MBP: When your first novel Morvern Callar came out, female reviewers and readers were gushing in how accurately you had created this narrative of a young girl. Is it almost easier now for you to write from a female perspective?

AW: Writing fiction or otherwise is never an easy thing for me. What was it Thomas Mann wrote? That writers are just people for whom writing is much more difficult than for others? When I attempt to create characters, male or female, I give it 100% to try and make them work on the page. As you graft away on those pages, the character's gender isnt the issue, it's more the attention to language, the dynamics and the inner life of the character, which you simultaeously conceal and reveal.

MBP: Most of your novels touch on the small-town mentality - and the idea of trying to get out. Can you tell us a bit about your own background?

AW: I had nothing to get out of and it was a very happy background. I was born in 1964 and grew up in and near the town of Oban on the west coast of Scotland. My father was from Sheffield and my mother from the Isle of Mull. My parents ran a hotel. It was closed during winters, yet I had the run of the whole place and this was like a palace for the imagination. I might have postured that the town was too small for the likes of me in my teenage years - I think that's common for restless adolescents - but when I attended college in London and University in Glasgow, I was desperately homesick for years! So there you go.

MBP: We hear that The Sopranos is being made into a film? Can you give us any news on that? Were you pleased with the adaptation of Morvern Callar?

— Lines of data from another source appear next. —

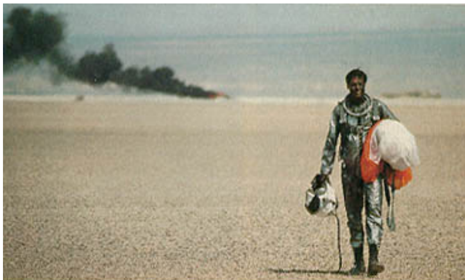
Sam Shepard, portraying Capt. Chuck Yeager in "The Right Stuff," escapes from a fiery crash

The picturesque quality of the dry lakes, their isolation and singularity have attracted Hollywood production companies since the 1920s – making it one of the film industry's favorite back lots.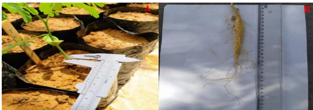
Fig. 4. Evaluation of seedling stem diameter (A) and length of the root seedling system (B)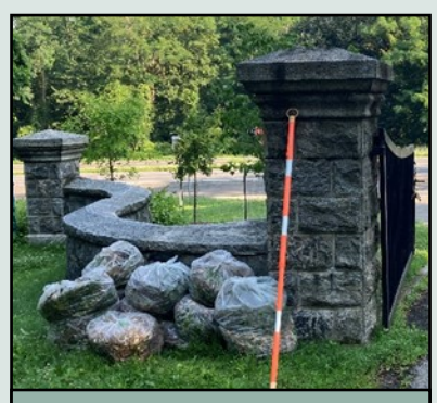
One weeks-worth of black swallow-wort.

FORCES Stewards Will Starkey and Felix Gonzalez took to land, water, and air whilst supporting preservation initiatives at Rockefeller State Park Preserve (RSPP). On the terrestrial plane, early summer marked a period in which the RSPP stewards focused their efforts on hand-pulling nearly 70 garbage bags of black swallow-wort, a highly-invasive vine detrimental to sensitive wildlife areas. This quantity of hand-removal inevitably resulted in environmental disturbance, but our long-term goal will be to replant native flora where this invasive flora was removed. A special thanks is extended to our new Flora Steward, Devyani Mishra, who has been instrumental in leading flora initiatives with our FORCES Stewards. These initiatives included the identification and removal of new invasive flora within the preserve, as well as monitoring floral diseases, such as beech leaf disease within the preserve.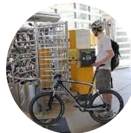
Secure Parking Areas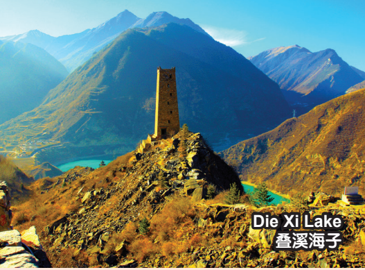
Die Xi Lake 叠溪海子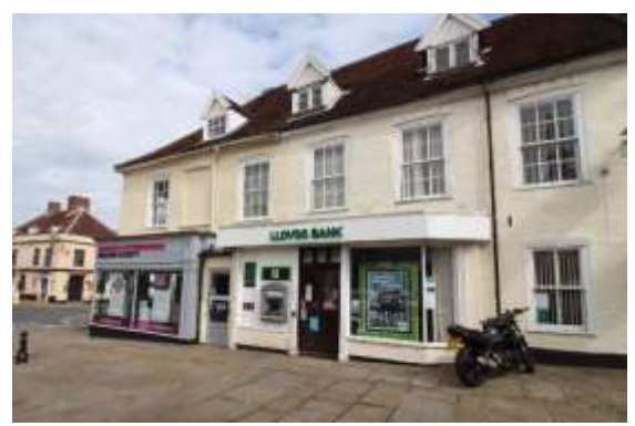
Nos. 9 & 11 Market Place

No.7a Market Place. Former outbuilding now a dwelling, probably of early nineteenth century date. Red and blue bricks. Two storeys. Original openings retained on ground floor. Shallow arched brick lintels. First floor opening probably an enlarged former taking-in door. Blind gabled return elevation.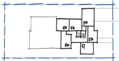
SECOND LEVEL 1: 500

Boarding House Development 14 Rowley Rd, Guildford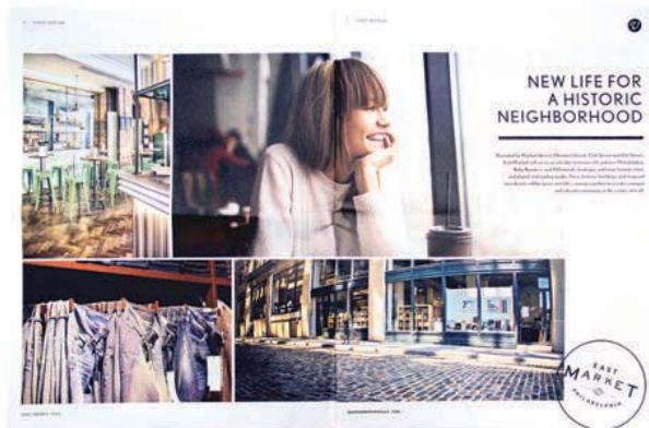
The East Market marketing prospectus, reminiscent of a J. Crew catalog, touts the revitalization of the historic neighborhood.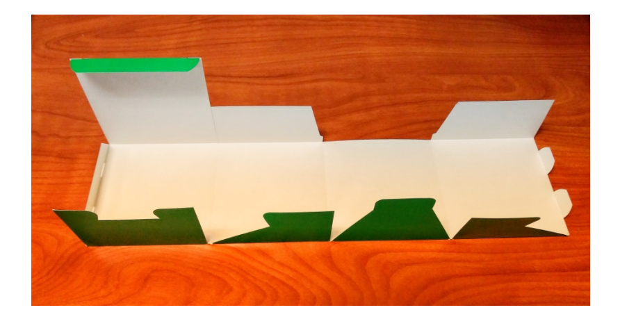
Turn each side and the tabs of the box upward where perforated.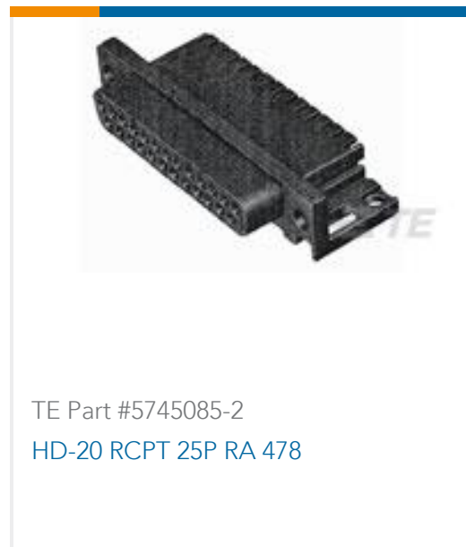
TE Part #5745085-2 HD-20 RCPT 25P RA 478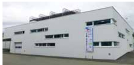
New laboratory building.

A significant part of the research activities is carried out in cooperation with national and international industrial partners, covering the areas of electro-mechanical as well as solid-state power converters, design of power-electronics based systems including control and interactions between system components, and the development of prototypes and experimental verification in the institute's own laboratories. With activities both in the area of power electronics and in the field of electric machines, the institute is ideally placed to work on questions that arise from power electronics to electric drive systems applications.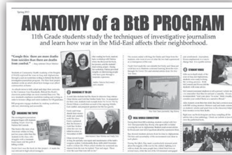
Behind the Book's Spring 2013 Newsletter, with printing donated by Harrison and Star.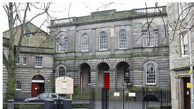
The new EIFA offices will be housed in the recently refurbished City Methodist Church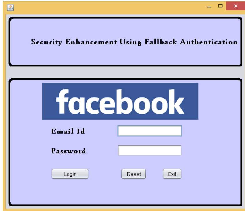
Fig. 1 User login homepage.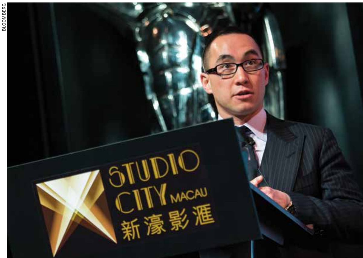
Lawrence Ho speaks during the unveiling ceremony of the Studio City casino resort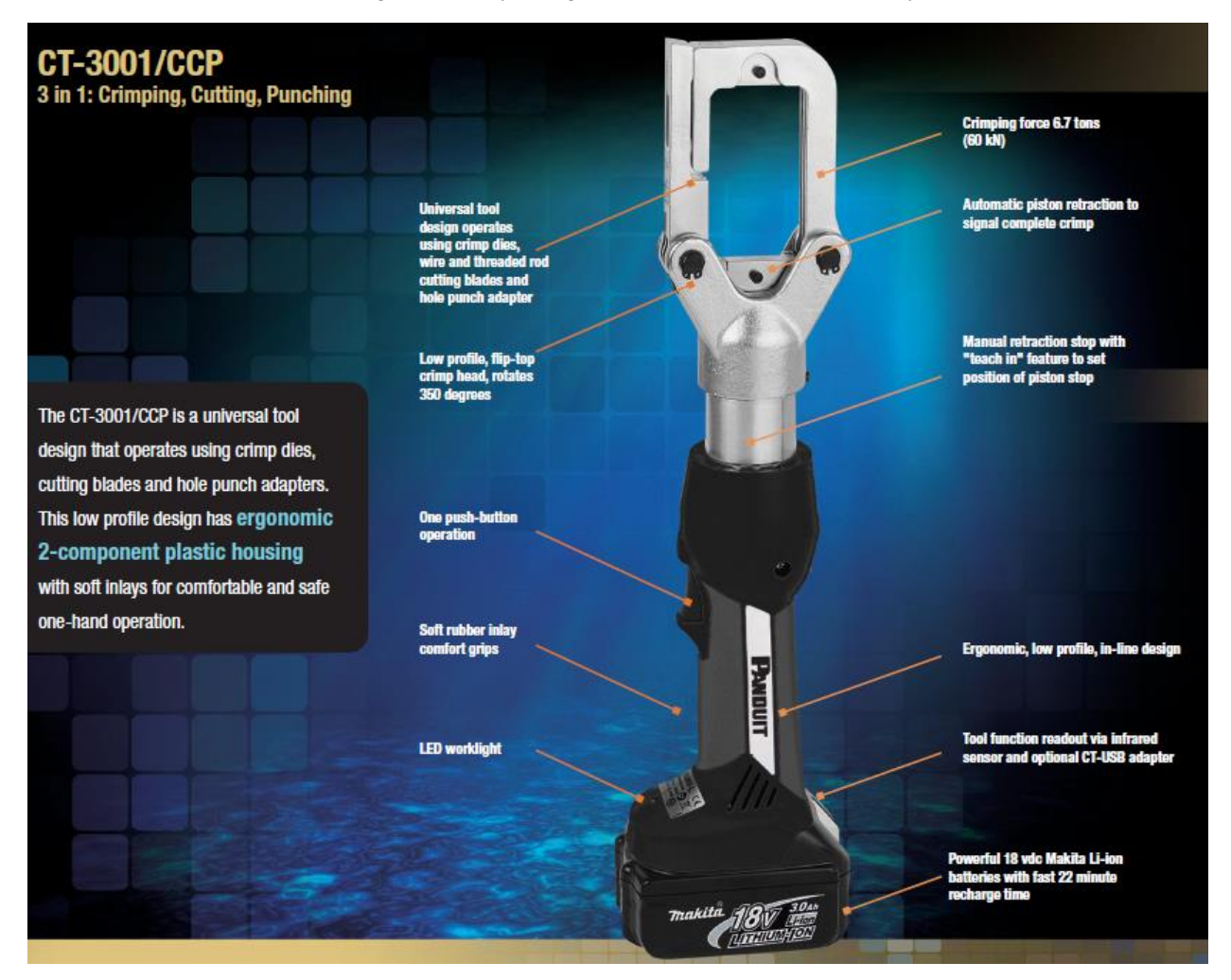
Figure 3: CT-3001/CCP

CT-2920/CCP, shown in Figure 4, is a pistol grip, 12 ton, battery-powered 3-in-1 tool that utilizes interchangeable adapters and dies to crimp, cut, and punch. It has a flip-top crimp head that can be rotated as needed. The automatic

AW: The Sopranos has gone the way of all flesh, and is in the reassuring limbo of film world. The film rights were bought by Michael Caton Jones, a good Hollywood director. I loved that film of Morvern Callar very much. That was a super experience and of course Lynne Ramsay is a very exciting film maker. As a sad contribution to knowledge, I did learn that when the novelist adores the adaptation of their novel into a film, there is little interest, but when he or she hates it, then everyone wishes to know in great detail what you have to say!!